- First tankōbon volume cover

ニュクスの角灯 (Nyukusu no Rantan)
- Genre: Fantasy; Historical; Slice of life;
- Written by: Kan Takahama
- Published by: Leed Publishing
- Magazine: Monthly Comic Ran
- Original run: March 27, 2015 – June 27, 2019
- Volumes: 6
- Anime and manga portal

= Nyx no Lantern =

Japanese manga series

Nyx no Lantern (ニュクスの角灯, Nyukusu no Rantan) is a Japanese manga series written and illustrated by Kan Takahama. It was serialized in Leed Publishing's Monthly Comic Ran from March 2015 to June 2019, with its chapters collected in six tankōbon volumes

In 2018, Nyx no Lantern won the Excellence Award at the 21st Japan Media Arts Festival, as well as the Grand Prize of the 24th Tezuka Osamu Cultural Prize in 2020.

==Plot==
In 1878, Miyo, a shy girl who lost her parents in the Satsuma Rebellion, started working at a tool store "Ban" that handles the import and export of handicrafts in Kajiya-cho, Nagasaki. Her beauty gradually grows as she comes in contact with people around her, including her shopkeeper, Koura Momotoshi.
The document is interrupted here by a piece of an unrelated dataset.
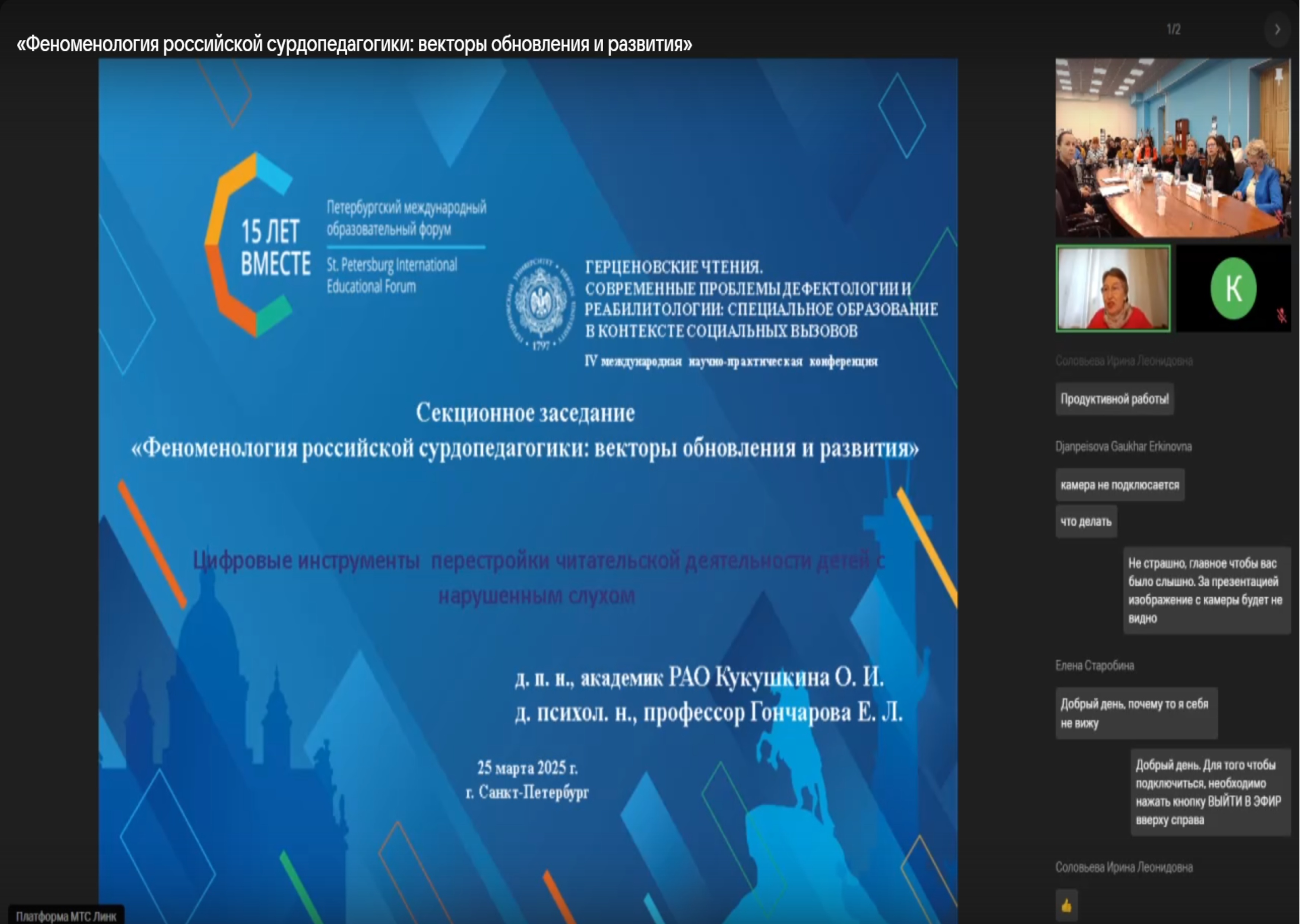 25 марта преподаватели и студенты кафедры специальной педагогики и психологии приняли участие в работе секции «Феноменология российской сурдопедагогики: векторы обновления и развития». Модераторами секции выступили Красильникова Ольга Александровна, д-р пед. наук, профессор, заведующая кафедрой сурдопедагогики РГПУ им. А.И. Герцена; Люкина Анна Сергеевна, канд.пед.наук , доцент кафедры сурдопедагогики РГПУ им. А.И. Герцена. С докладами в рамках работы секции выступили ведущие ученые и практики из разных регионов России и ближнего зарубежья, затронув фундаментальные и прикладные вопросы сурдопедагогики.

At the same time, she begins to be conscious of Momotoshi as her love interest, but Momotoshi cannot stop his feelings for Judith, his first love in Paris, where he used to live.

==Publication==
Written and illustrated by Kan Takahama, Nyx no Lantern was serialized in Leed Publishing's Monthly Comic Ran from March 27, 2015, to June 27, 2019. Leed Publishing collected its chapters in six tankōbon volumes, released from January 29, 2016, to August 27, 2019.

===Volumes===

| No. | Japanese release date | Japanese ISBN |
|---|---|---|
| 1 | January 29, 2016 | 978-4-8458-4421-0 |
| 2 | July 29, 2016 | 978-4-8458-4428-9 |
| 3 | April 6, 2017 | 978-4-8458-5010-5 |
| 4 | February 16, 2018 | 978-4-8458-5180-5 |
| 5 | November 27, 2018 | 978-4-8458-6005-0 |
| 6 | August 27, 2019 | 978-4-8458-6027-2 |

==Reception==
The series was nominated for the 20th Tezuka Osamu Cultural Prize in 2016, and won the Grand Prize in its 24th edition in 2020. The series ranked fourth on "The Best Manga 2017 Kono Manga wo Yome!" ranking by Freestyle magazine. The series was one of the Jury Recommended Works at the 20th Japan Media Arts Festival in 2017, and received an Excellence Award at the 21st edition in 2018. Nyx no Lantern won the Best Miniseries Manga at the Anime Click Awards 2022.

French newspaper Le Figaro selected the series as one of their six recommended manga featured at the 2019 Paris Book Fair.